Jewish settlement in all parts of Eretz Yisrael — or Greater Israel — will continue as long as there are Jews and there is empty territory, he told the Knesset Foreign Affairs and Defense Committee on Monday. He emphasized there is no part of Eretz Yisrael from which Israel will withdraw.
Shamir also indicated that as far as he is concerned, settlements in the administered territories take precedence over settling the Negev.
But the prime minister played down his government’s confrontation with the United States on the issue of settlements, which the Bush administration views as an obstacle to peace.
Shamir refrained from criticizing the Bush administration.
He cited as an example the U.S. announcement last week that its investigation found no evidence that Israel had transferred Patriot anti-missile technology to China without Washington’s approval.

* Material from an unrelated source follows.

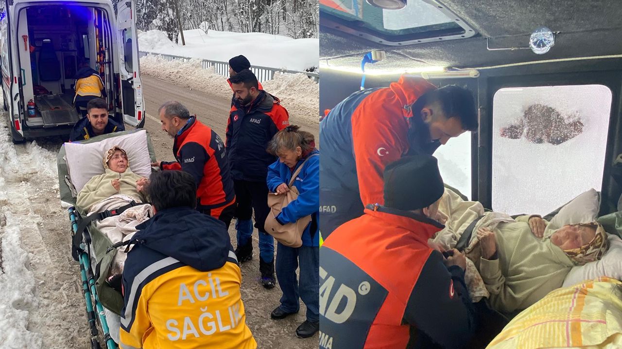 Kastamonu’nun Azdavay ilçesine bağlı Çocukören köyü Tekke Mahallesi'nde rahatsızlanan yaşlı kadının yakınları 112 Acil Çağrı Merkezi'ni arayarak yardım istedi. Köy yolunun kar yağışı sebebiyle kapalı olmasından dolayı, bölgeye Kastamonu İl Afet ve Acil Durum Müdürlüğü (AFAD) ekipleri sevk edildi. AFAD’a ait paletli kar üstü aracıyla köye ulaşan ekipler, yaşlı kadını evinden alarak ambulansa teslim etti.

That statement was “very clear,” he said, and he now regards the matter as “closed.”
Shamir rejected the idea that Jewish settlements in the disputed territories are provocative.
“Jewish settlement in Judea and Samaria is provocation only in the eyes of enemies,” Shamir said, using the biblical names for the land comprising the West Bank.
“But those elements also did not want Tel Aviv to be settled,” he added.
“Let there be as many such provocations as possible, and let there be as many settlements as possible in Judea and Samaria,” Shamir said.
When Labor Knesset member Arieh Eliav observed that he lived in the Nitzana region of the Negev where there are thousands of empty acres to be settled, Shamir replied: “Their turn for settlement will come too.”